Required work
Print the whole listing again exactly, keeping no pictures in it.

#### Exercise data

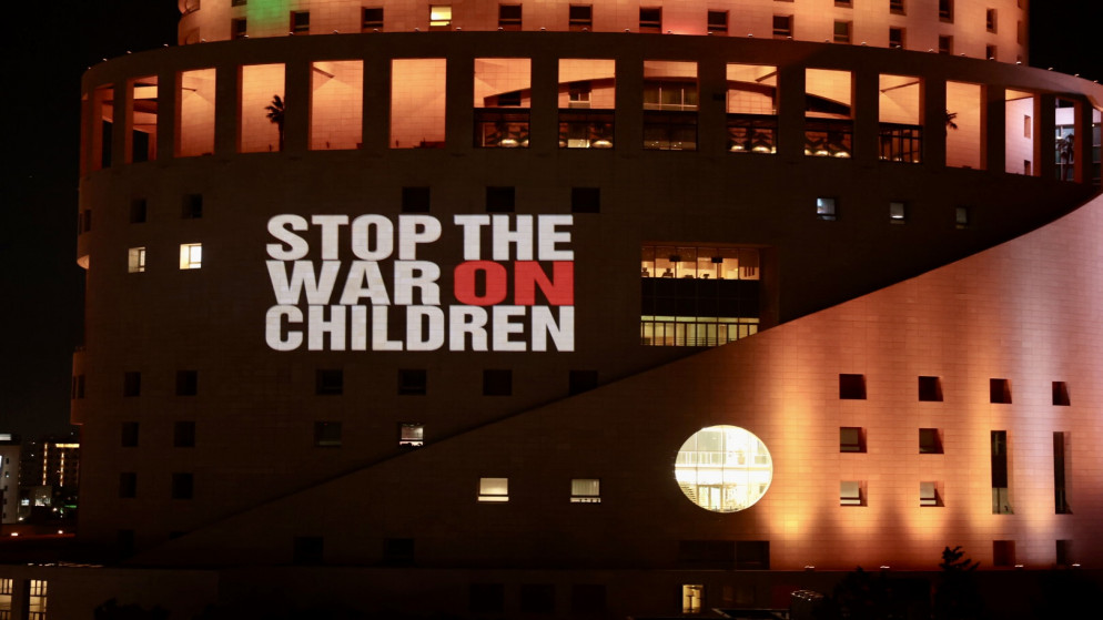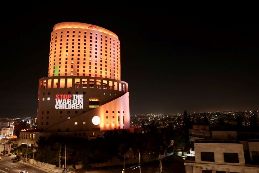 دعت منظمة “أنقذوا الأطفال” مساء الاثنين، إلى وقف إطلاق النار في قطاع غزة، وذلك عبر إضاءة تطالب بذلك على واجهة فندق في عمّان.
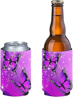 Aulaygo Lot de 2 pochettes pliables antidérapantes pour canettes de bière - Pour boissons ou bières - Pour fête d'anniversaire, pique-nique, sport - Motif papillon violet
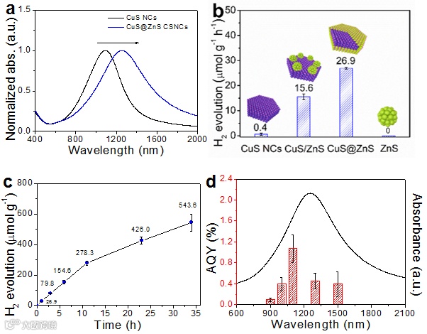 如图4a所示,CuS NCs和CuS@ZnS CSNC分别在1090 nm和1254 nm处具有强LSPR峰。作为比较,还合成了CuS/ZnS核/卫星结构纳米异质结HNCs。在红外光谱下光催化析氢(HER)速率,CuS@ZnS CSNCs为26.9 μmol h−1 g−1,分别是原始CuS NCs(0.4 μmol h–1 g−1)和CuS/ZnS HNCs(15.6 μmol h-1 g−1)的67.3倍和1.7倍。CuS@ZnS CSNCs在近红外光照射34小时下仍然表现出优异的稳定性(图4c)。此外CuS@ZnS CSNCs在1100 nm的波长下为1.07 %(图4d),高于CuS/ZnS HNCs(0.38 %)。
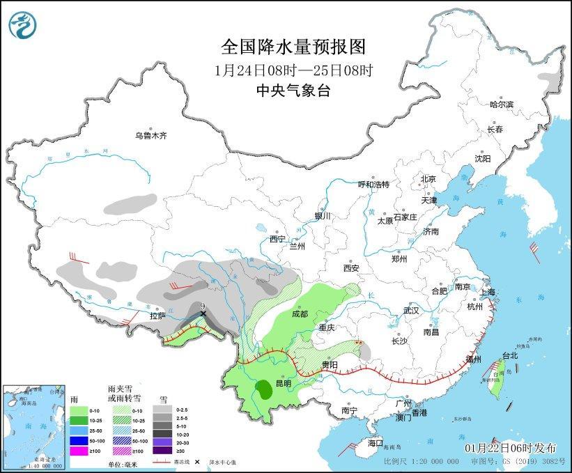 圖5 全國降水量預(yù)報圖(1月24日08時-25日08時)
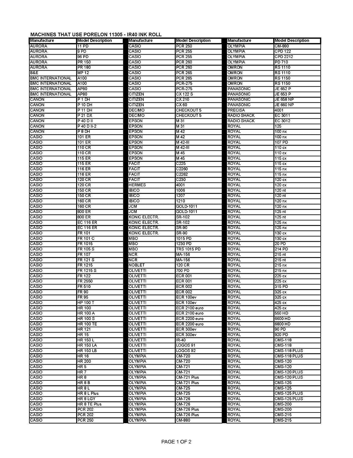FJA Products offers a New Compatible CP16 Ink Roller (2 pack) that replaces several popular models. Replaces, CP16, IR40, PR40, IR30, EA-770R, VPR40, NR40P2 The ink roller will work in all of the following: CANON P1DH ● CANON P1DHV ● CANON P10DH ● CANON P11DH ● CANON P21DX ● CANON P40DII ● CANON P40DII2 ● CANON P8DH ● CASIO 101ER ● CASIO 110CR ● CASIO 115ER ● CASIO 116ER ● CASIO 120CR ● CASIO 150CR ● CASIO 160CR ● CASIO 800ER ● CASIO EC116ER ● CASIO FR101 ● CASIO FR101C ● CASIO FR1015 ● CASIO FR105S ● CASIO FR107 ● CASIO FR121S ● CASIO FR1215 ● CASIO FR1215S ● CASIO FR122 ● CASIO FR2550 ● CASIO FR510 ● CASIO FR90 ● CASIO FR95 ● CASIO HP100T ● CASIO HR100 ● CASIO HR100A ● CASIO HR100S ● CASIO HR121 ● CASIO HR15 ● CASIO HR150L ● CASIO HR150LA ● CASIO HR150LB ● CASIO HR16 ● CASIO HR200 ● CASIO HR5 ● CASIO HR7 ● CASIO HR8 ● CASIO HR8B ● CASIO HR8L ● CASIO HR8LPlus ● CASIO HR8LGY ● CASIO HR8TEPlus ● CASIO PCR202 ● CASIO PCR250 ● CASIO PCR255 ● CASIO PCR260 ● CASIO PCR265 ● CASIO PCR275 ● CITIZEN CX122S
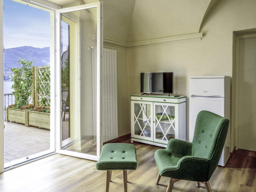 "Verde", 3-Zimmer-Wohnung 60 m2 im 2. Stock. Vollständig renoviert im Jahre 2020, komfortabel eingerichtet: Eingang. Wohn-/Esszimmer mit 1 Doppeldiwanbett und Sat-TV. Ausgang zur Terrasse. 1 Doppelzimmer. 1 Zimmer mit 2 Betten. Kochnische (Geschirrspüler, 4 Induktionskochplatten, Mikrowelle, Tiefkühler, elektrische Kaffeemaschine). Dusche/Bidet/WC. G-Heizung. Parkettböden. Terrasse 25 m2. Terrassenmöbel. Sehr schöne Sicht auf den See. Zur Verfügung: Waschmaschine, Haartrockner. Internet (Wireless LAN, gratis). CIR:012114-CNI-00068
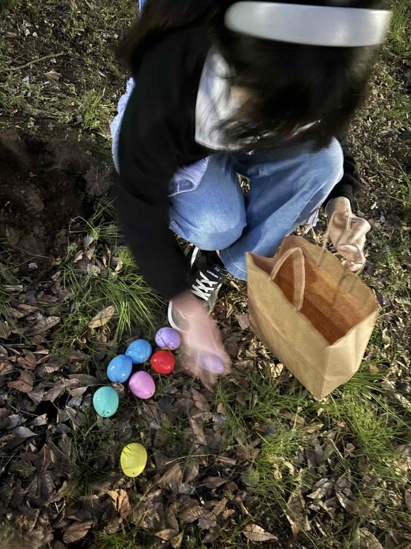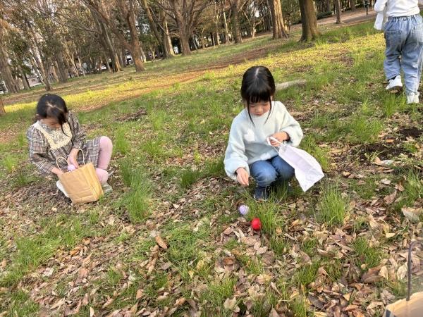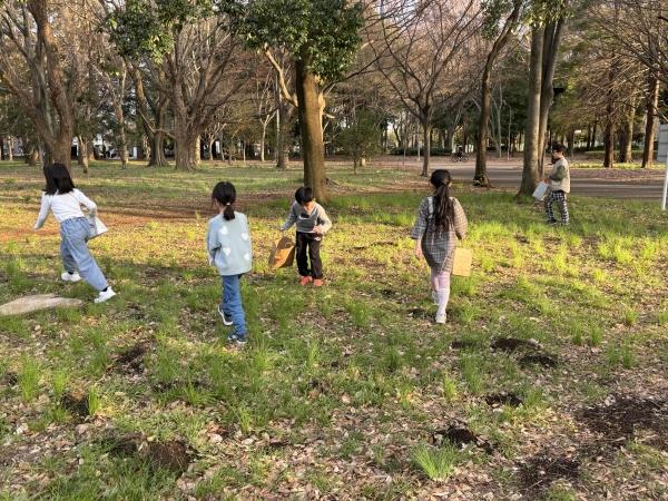 キャンディーの入ったプラスチックのエッグを用意し、教室のすぐ隣にある小金井公園の一角に隠します。
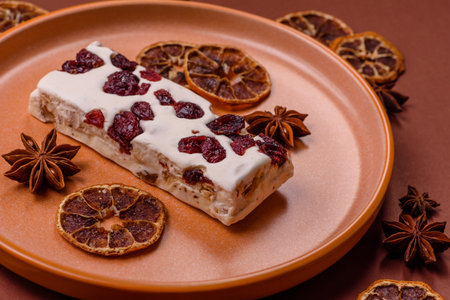 Torrone or nougat bar with nuts and red dried berries. Traditional italian dessert close up on pink background. Sweet tasty and healthy food
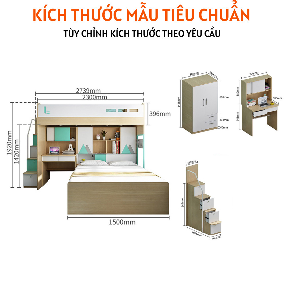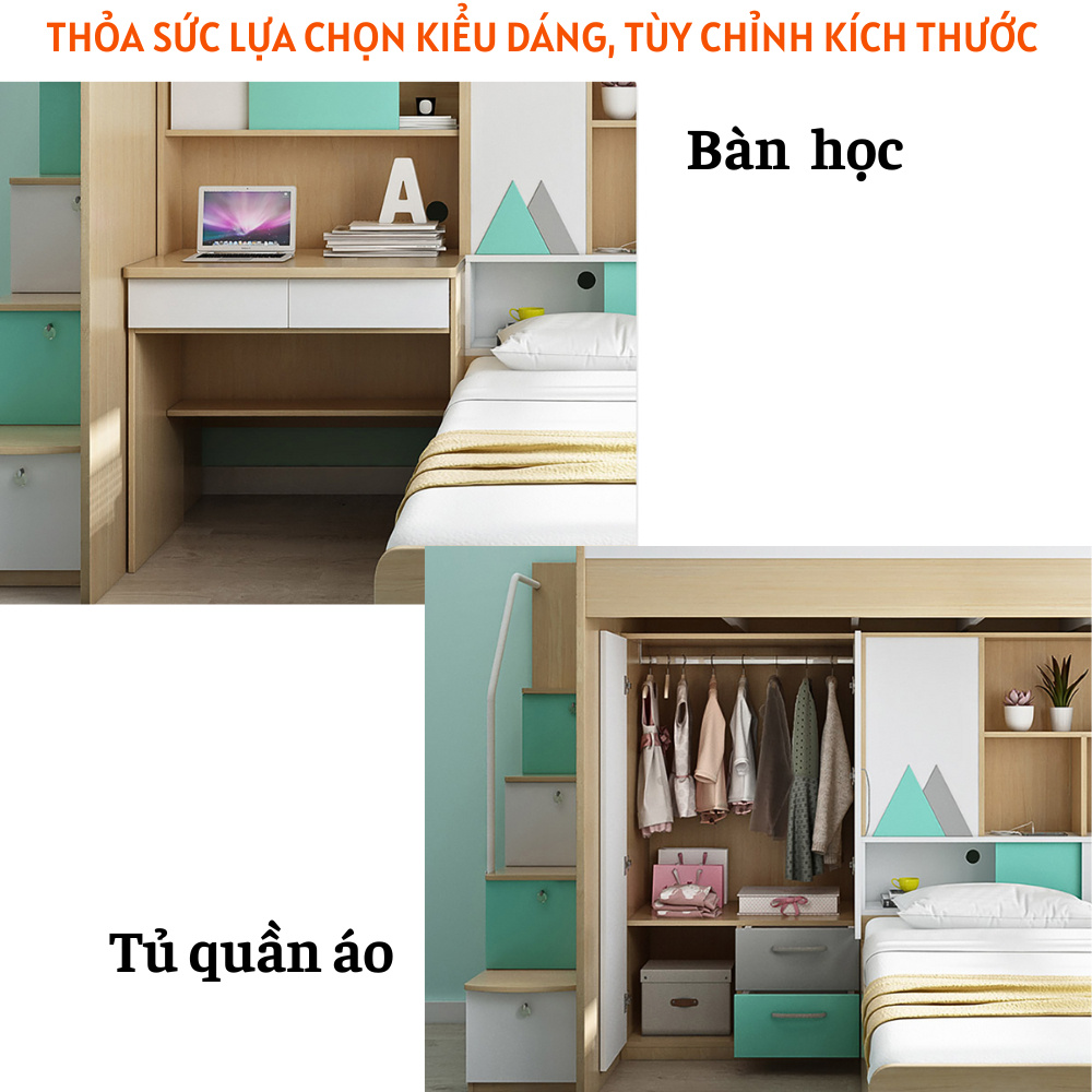 Combo sản phẩm giường tầng bằng gỗ cho bé thiết kế thông minh tích hợp nhiều công năng – HH1206
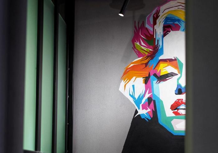В зале создана открытая кухня с угольной коптильней и печью-грилем. Здесь пекут хлеб и готовят мясные деликатесы. Особенность бара — наличие в зале двух витрин для сухого вызревания премиальных отрубов мраморной говядины.
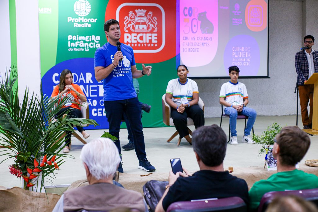 “A COP30 é o maior encontro global sobre o clima, reunindo líderes e representantes do mundo todo para discutir ações de preservação do meio ambiente. O Recife vai participar desse importante evento em Belém, levando o compromisso da cidade com um futuro sustentável. Antes disso, estamos fazendo nossa tarefa de casa, com obras, projetos e ações que fortalecem nossa cidade. E nada mais justo que ouvir quem representa o futuro, nossas crianças e jovens, que hoje iniciam esse grande encontro. O que estamos fazendo aqui é preparar essa geração para ser protagonista das transformações que o mundo precisa”, destacou o prefeito do Recife, João Campos.
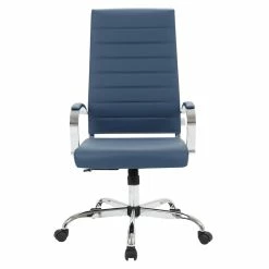 Promo 💯 LeisureMod Benmar High-Back Mid-Century Modern Leather Office Chair In Navy Blue 😉
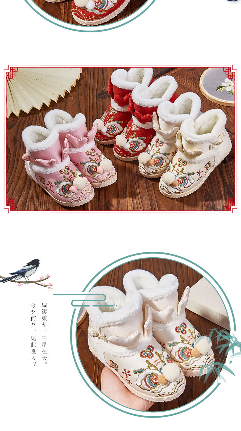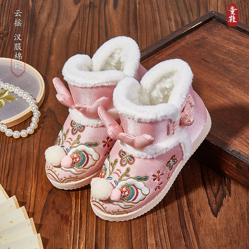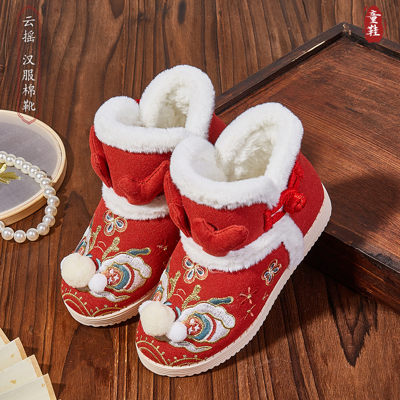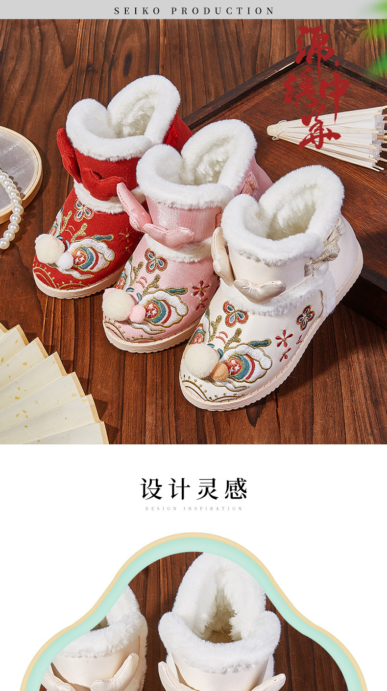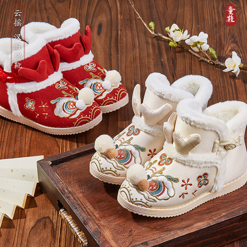 3D облако дрожать Дракон рог утолщенный цветок древний костюм этнический стиль обувь для девочек зима Новый Год Дракона обувь ханьфу
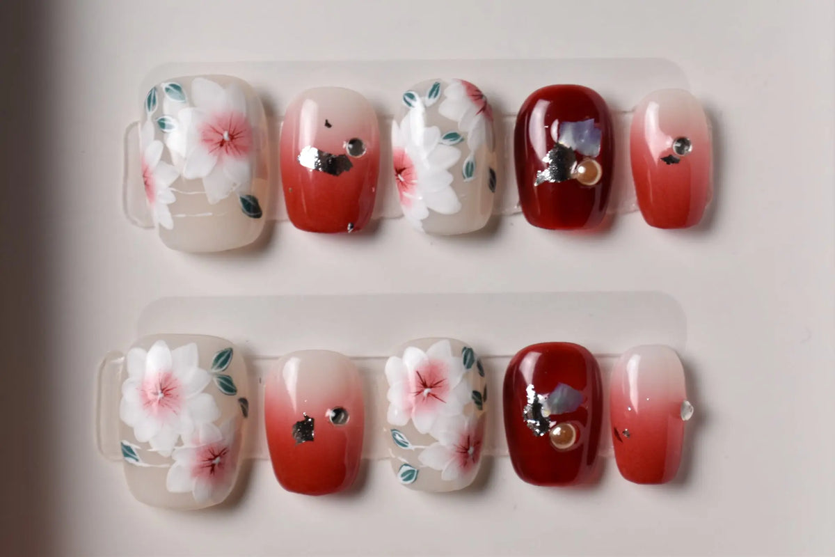 A romantic celebration of spring, Sakura no Yume captures the fleeting beauty of cherry blossoms in full bloom. Each nail features hand-painted white sakura petals with soft pink centers, accented by delicate green leaves that bring the floral design to life. The base alternates between a sheer milky nude and a smooth crimson-to-pale pink ombré, symbolizing the gentle transition from winter’s chill to spring’s warmth.
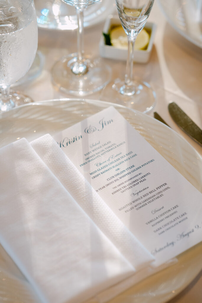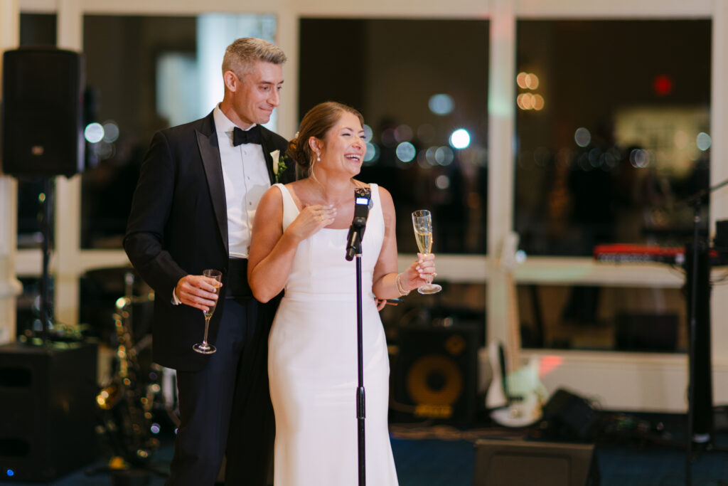 The reception in the Wharf Room was everything — crisp white linens, simple and classic floral arrangements, and those gorgeous harbor views as the backdrop. Kristin and Jim took a moment at the mic to welcome their guests, and the joy on their faces said everything. The night was full of laughter, toasts, and dancing… exactly what a wedding should be.

########

Answer area
 دعت منظمة “أنقذوا الأطفال” مساء الاثنين، إلى وقف إطلاق النار في قطاع غزة، وذلك عبر إضاءة تطالب بذلك على واجهة فندق في عمّان.
 Aulaygo Lot de 2 pochettes pliables antidérapantes pour canettes de bière - Pour boissons ou bières - Pour fête d'anniversaire, pique-nique, sport - Motif papillon violet
 如图4a所示,CuS NCs和CuS@ZnS CSNC分别在1090 nm和1254 nm处具有强LSPR峰。作为比较,还合成了CuS/ZnS核/卫星结构纳米异质结HNCs。在红外光谱下光催化析氢(HER)速率,CuS@ZnS CSNCs为26.9 μmol h−1 g−1,分别是原始CuS NCs(0.4 μmol h–1 g−1)和CuS/ZnS HNCs(15.6 μmol h-1 g−1)的67.3倍和1.7倍。CuS@ZnS CSNCs在近红外光照射34小时下仍然表现出优异的稳定性(图4c)。此外CuS@ZnS CSNCs在1100 nm的波长下为1.07 %(图4d),高于CuS/ZnS HNCs(0.38 %)。
 圖5 全國降水量預(yù)報圖(1月24日08時-25日08時)
FJA Products offers a New Compatible CP16 Ink Roller (2 pack) that replaces several popular models. Replaces, CP16, IR40, PR40, IR30, EA-770R, VPR40, NR40P2 The ink roller will work in all of the following: CANON P1DH ● CANON P1DHV ● CANON P10DH ● CANON P11DH ● CANON P21DX ● CANON P40DII ● CANON P40DII2 ● CANON P8DH ● CASIO 101ER ● CASIO 110CR ● CASIO 115ER ● CASIO 116ER ● CASIO 120CR ● CASIO 150CR ● CASIO 160CR ● CASIO 800ER ● CASIO EC116ER ● CASIO FR101 ● CASIO FR101C ● CASIO FR1015 ● CASIO FR105S ● CASIO FR107 ● CASIO FR121S ● CASIO FR1215 ● CASIO FR1215S ● CASIO FR122 ● CASIO FR2550 ● CASIO FR510 ● CASIO FR90 ● CASIO FR95 ● CASIO HP100T ● CASIO HR100 ● CASIO HR100A ● CASIO HR100S ● CASIO HR121 ● CASIO HR15 ● CASIO HR150L ● CASIO HR150LA ● CASIO HR150LB ● CASIO HR16 ● CASIO HR200 ● CASIO HR5 ● CASIO HR7 ● CASIO HR8 ● CASIO HR8B ● CASIO HR8L ● CASIO HR8LPlus ● CASIO HR8LGY ● CASIO HR8TEPlus ● CASIO PCR202 ● CASIO PCR250 ● CASIO PCR255 ● CASIO PCR260 ● CASIO PCR265 ● CASIO PCR275 ● CITIZEN CX122S
 "Verde", 3-Zimmer-Wohnung 60 m2 im 2. Stock. Vollständig renoviert im Jahre 2020, komfortabel eingerichtet: Eingang. Wohn-/Esszimmer mit 1 Doppeldiwanbett und Sat-TV. Ausgang zur Terrasse. 1 Doppelzimmer. 1 Zimmer mit 2 Betten. Kochnische (Geschirrspüler, 4 Induktionskochplatten, Mikrowelle, Tiefkühler, elektrische Kaffeemaschine). Dusche/Bidet/WC. G-Heizung. Parkettböden. Terrasse 25 m2. Terrassenmöbel. Sehr schöne Sicht auf den See. Zur Verfügung: Waschmaschine, Haartrockner. Internet (Wireless LAN, gratis). CIR:012114-CNI-00068
 キャンディーの入ったプラスチックのエッグを用意し、教室のすぐ隣にある小金井公園の一角に隠します。
 Torrone or nougat bar with nuts and red dried berries. Traditional italian dessert close up on pink background. Sweet tasty and healthy food
 Combo sản phẩm giường tầng bằng gỗ cho bé thiết kế thông minh tích hợp nhiều công năng – HH1206
В зале создана открытая кухня с угольной коптильней и печью-грилем. Здесь пекут хлеб и готовят мясные деликатесы. Особенность бара — наличие в зале двух витрин для сухого вызревания премиальных отрубов мраморной говядины.
 “A COP30 é o maior encontro global sobre o clima, reunindo líderes e representantes do mundo todo para discutir ações de preservação do meio ambiente. O Recife vai participar desse importante evento em Belém, levando o compromisso da cidade com um futuro sustentável. Antes disso, estamos fazendo nossa tarefa de casa, com obras, projetos e ações que fortalecem nossa cidade. E nada mais justo que ouvir quem representa o futuro, nossas crianças e jovens, que hoje iniciam esse grande encontro. O que estamos fazendo aqui é preparar essa geração para ser protagonista das transformações que o mundo precisa”, destacou o prefeito do Recife, João Campos.
 Promo 💯 LeisureMod Benmar High-Back Mid-Century Modern Leather Office Chair In Navy Blue 😉
 3D облако дрожать Дракон рог утолщенный цветок древний костюм этнический стиль обувь для девочек зима Новый Год Дракона обувь ханьфу
 A romantic celebration of spring, Sakura no Yume captures the fleeting beauty of cherry blossoms in full bloom. Each nail features hand-painted white sakura petals with soft pink centers, accented by delicate green leaves that bring the floral design to life. The base alternates between a sheer milky nude and a smooth crimson-to-pale pink ombré, symbolizing the gentle transition from winter’s chill to spring’s warmth.
 The reception in the Wharf Room was everything — crisp white linens, simple and classic floral arrangements, and those gorgeous harbor views as the backdrop. Kristin and Jim took a moment at the mic to welcome their guests, and the joy on their faces said everything. The night was full of laughter, toasts, and dancing… exactly what a wedding should be.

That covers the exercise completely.